The new measure is designed to discourage importers from purchasing goods with higher greenhouse gas emissions from outside the EU by imposing a tax on these imports.
Over 85% of all urea used in Europe is manufactured outside of the EU, with most of Ireland’s urea coming from north Africa.
A spokesman for the Irish Fertiliser Manufacturers and Blenders Association (IFMBA) says that the new tax could add as much as €25 to €30/t to fertiliser prices next year, depending on carbon prices in the emissions trading scheme (ETS) and the origin of the fertiliser.
Worryingly, the tax is set to ramp up and could reach over €240/t by 2034, according IFMBA analysis.
European-manufactured fertiliser will be exempt, as these manufacturers are already operating on the ETS.
Eamonn Farrell from ICOS said it is asking the Irish Government and the EU to pause the legislation.

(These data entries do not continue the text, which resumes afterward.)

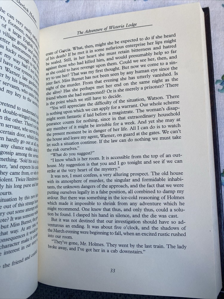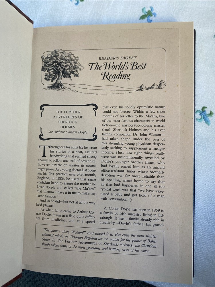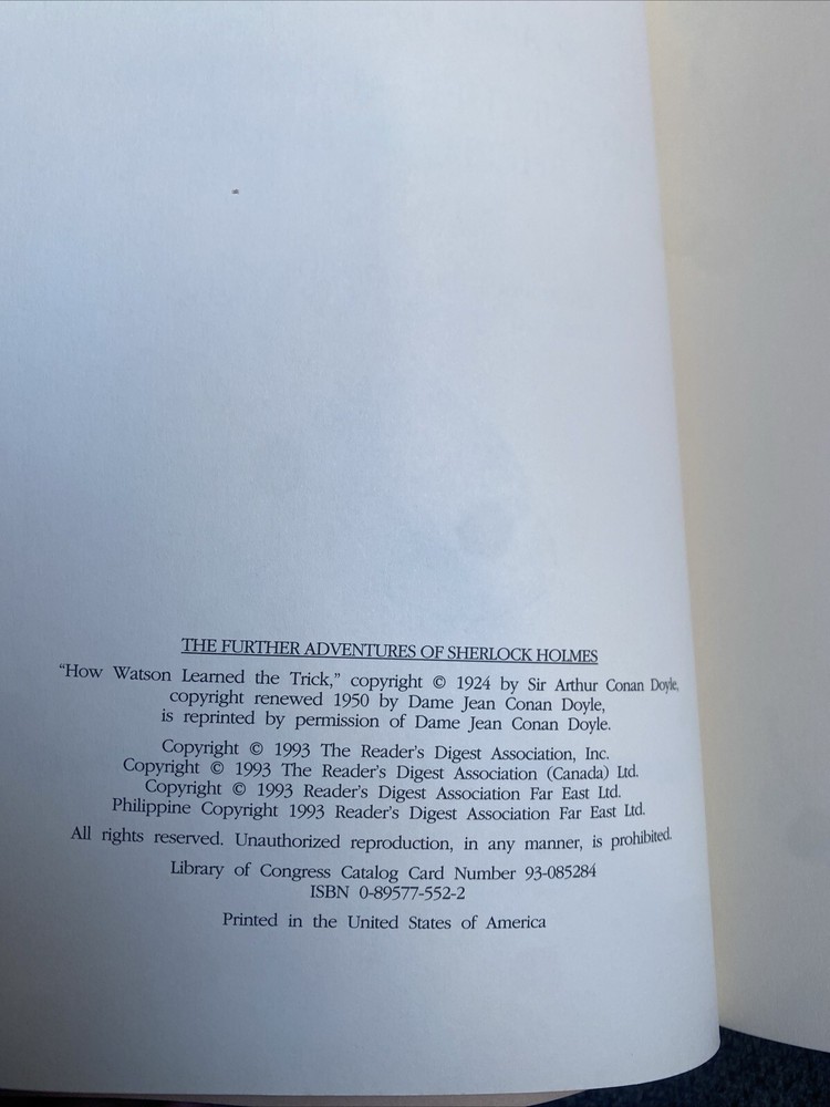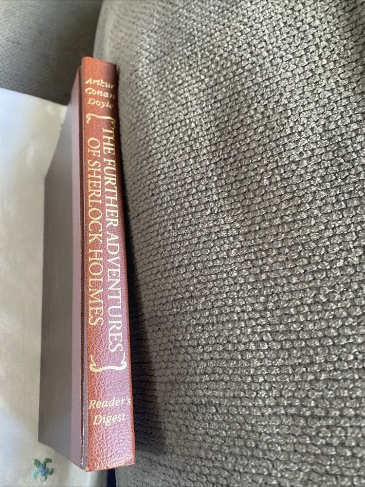 This hardcover book, titled "The Further Adventures of Sherlock Holmes", is a collector's edition published by Reader's Digest Association in 1993. The book is part of the Sherlock Holmes book series and features faux leather binding. The novel is written in English by Arthur Conan Doyle and is intended for young adults and adults. It has 219 pages and is published in the United States. The book is not signed or inscribed and does not have an ex libris. It falls under the genre of adventure and the topic of classic literature, crime, and novels.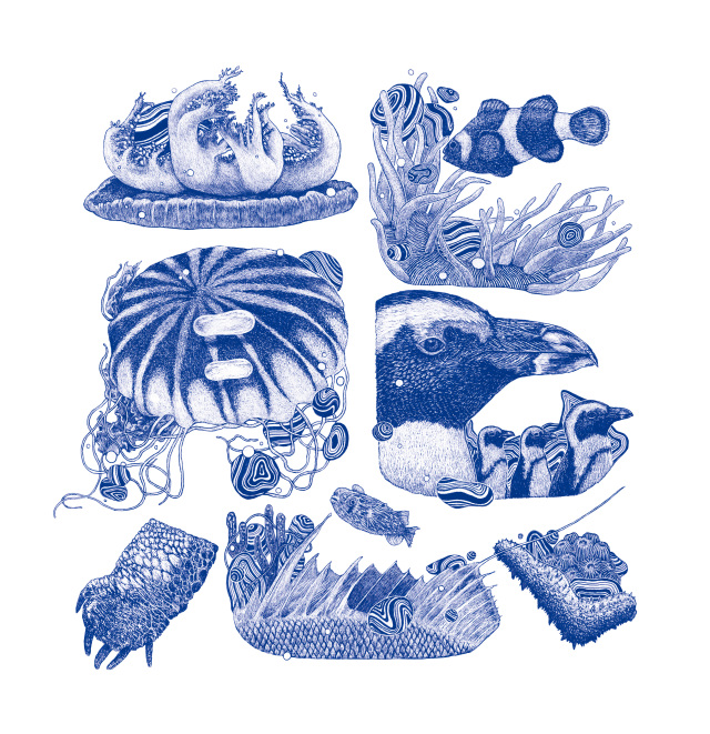 ▼由水生動植物組成的插畫單字,令人忍不住觀賞的「變態予告」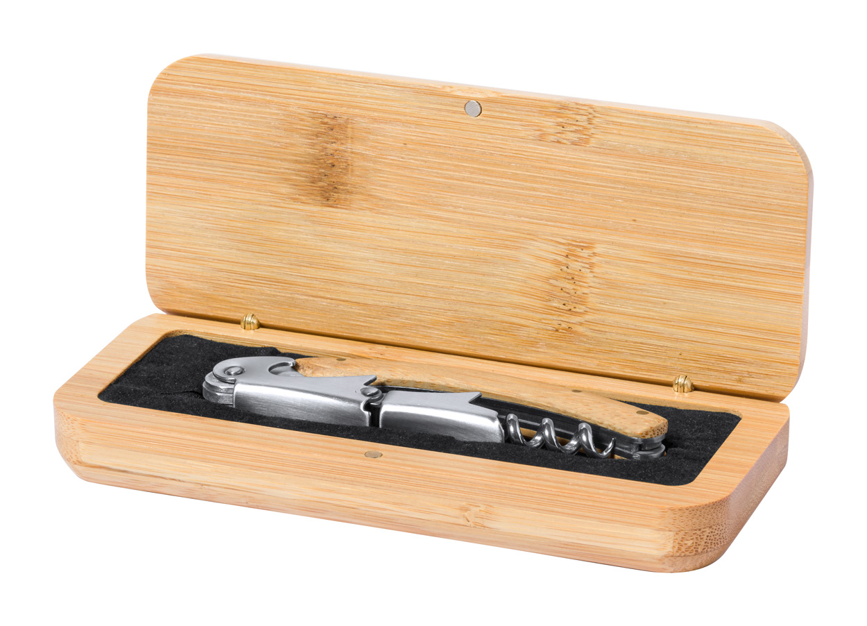 Korkenzieher mit Flaschenöffner aus Edelstahl mit Bambusgriff. Verpackt in Bambusbox.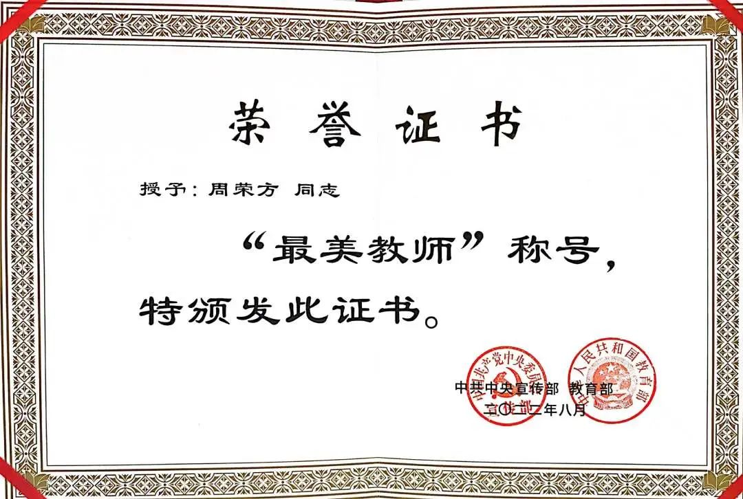 獲全國“最美教師”榮譽(yù)稱號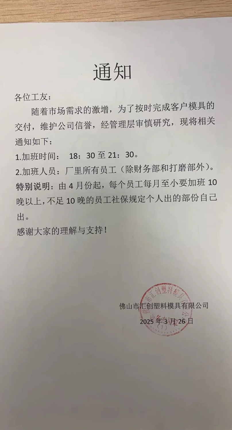近日,网曝佛山汇创塑料模具有限公司发通知称,要求员工每月至少要加班10晚。

“There has been no economic assessment done on the impact of the new measure. The fact that the UK, while committing to CBAM, are not implementing it until 2027 means that fertiliser prices will be significantly different either side of the Irish border, which poses a big risk to businesses operating in the south,” he says.
The IFA’s Noel Banville says that there is increasing resistance to CBAM among European farmers, particularly French farmers affected by low cereal prices. The IFA is writing to the minister, recommending the measure to be postponed or for nitrogen fertiliser to be excluded from the scope of CBAM.